You have three replicas of your API. You read the docs. You did the right thing. Redundancy! High availability! You feel good about yourself.
Then someone runs kubectl drain on a node during a cluster upgrade, and all three pods happen to live on that one node. Kubernetes evicts them simultaneously. Your API goes dark for 90 seconds. Your monitoring screams. The group chat is not kind.
Welcome to the Pod Disruption Budget gap — the thing everyone skips until it bites them in production.
Replicas ≠ Availability During Disruptions
Here is the mental model most people have: more replicas = more availability. That is true for random pod crashes. It is only sometimes true for voluntary disruptions.
Kubernetes distinguishes between two kinds of disruption:
Involuntary — a node dies, OOM kills a pod, a hardware failure. You cannot predict these. Replica count and PodAntiAffinity are your tools here.
Voluntary — a human or automation decides to evict pods: kubectl drain, a cluster upgrade rolling nodes, a Cluster Autoscaler scale-down, a node maintenance window. These are controlled events. Kubernetes will happily honor your drain request and take down every pod on that node — including all three replicas of your API if they all landed there — unless you tell it otherwise.
Pod Disruption Budgets (PDBs) are your way of telling Kubernetes: "during voluntary disruptions, respect this availability floor."
What a PDB Actually Does
A PDB is a policy object that the Kubernetes eviction API checks before evicting a pod. If evicting the pod would violate the budget, the eviction is rejected. The draining node has to wait. The Cluster Autoscaler backs off. Your service stays up.
You define the budget in one of two ways:
minAvailable — at least this many pods must be running at all times.
maxUnavailable — at most this many pods can be down at once.
Pick one. Never both. Here is the canonical example:
apiVersion: policy/v1
kind: PodDisruptionBudget
metadata:
name: api-pdb
namespace: production
spec:
minAvailable: 2 # always keep at least 2 pods running
selector:
matchLabels:
app: my-api
With three replicas and minAvailable: 2, Kubernetes can only evict one pod at a time during a drain. The second eviction has to wait until the first pod is rescheduled and passes readiness checks. Your API stays at ≥ 2/3 capacity throughout the entire node drain.
You can also use percentages, which scales better as your replica count grows:
spec:
minAvailable: "80%"
selector:
matchLabels:
app: my-api
The Gotcha That Will Get You
PDBs protect you during drains. They can also block you forever if you configure them wrong — and this is where teams panic.
Scenario: you set minAvailable: 3 and you only have 3 replicas. Now kubectl drain cannot evict a single pod because doing so would drop you to 2, violating the budget.
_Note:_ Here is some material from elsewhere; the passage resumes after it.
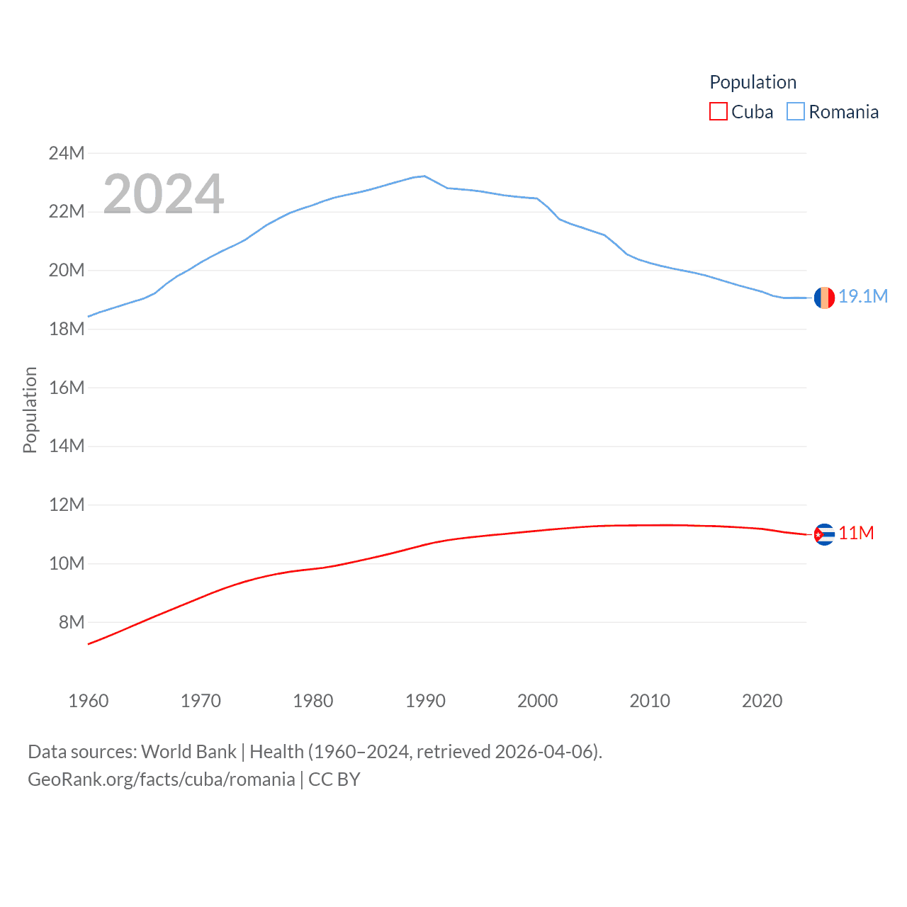 Cuba has a population of 11M (ranked 87/197), compared with 19.1M in Romania (ranked 67/197). Cuba's land area is 40,077 sq mi versus 88,834 sq mi for Romania (ranked 103rd vs. 80th).

The drain hangs indefinitely. Your cluster upgrade is stuck. You are Googling "how to force evict pod" at 11pm.
# This will deadlock your drain if replicas == 3
spec:
minAvailable: 3 # ← never set this equal to your replica count
The fix: minAvailable must always be strictly less than your replica count, or use maxUnavailable: 1 which is naturally bounded.
At Cubet Techno Labs, we hit this during our first GKE node pool upgrade. The upgrade automation drained the nodes one by one, hit a PDB that someone had copy-pasted without adjusting the replica count, and stalled for 45 minutes before we noticed. The fix was a one-line change to the PDB — but the lesson stuck. We now lint PDBs in CI against the replica count of the matching deployment before they land in the cluster.
Combining PDBs with PodAntiAffinity
A PDB tells Kubernetes how much disruption is allowed. Pod Anti-Affinity tells Kubernetes where to spread pods. They solve different problems and you want both.
Without anti-affinity, your scheduler might place all three replicas on the same node — making your PDB irrelevant during a single-node drain (Kubernetes can only evict one at a time, but if they are all on the same node, you are down to zero while waiting for reschedules).
# In your Deployment spec.template.spec:
affinity:
podAntiAffinity:
preferredDuringSchedulingIgnoredDuringExecution:
- weight: 100
podAffinityTerm:
labelSelector:
matchLabels:
app: my-api
topologyKey: kubernetes.io/hostname
Use preferredDuring... rather than requiredDuring... unless you have more nodes than replicas — the required version will block scheduling if there are not enough nodes to spread across, which is its own incident waiting to happen.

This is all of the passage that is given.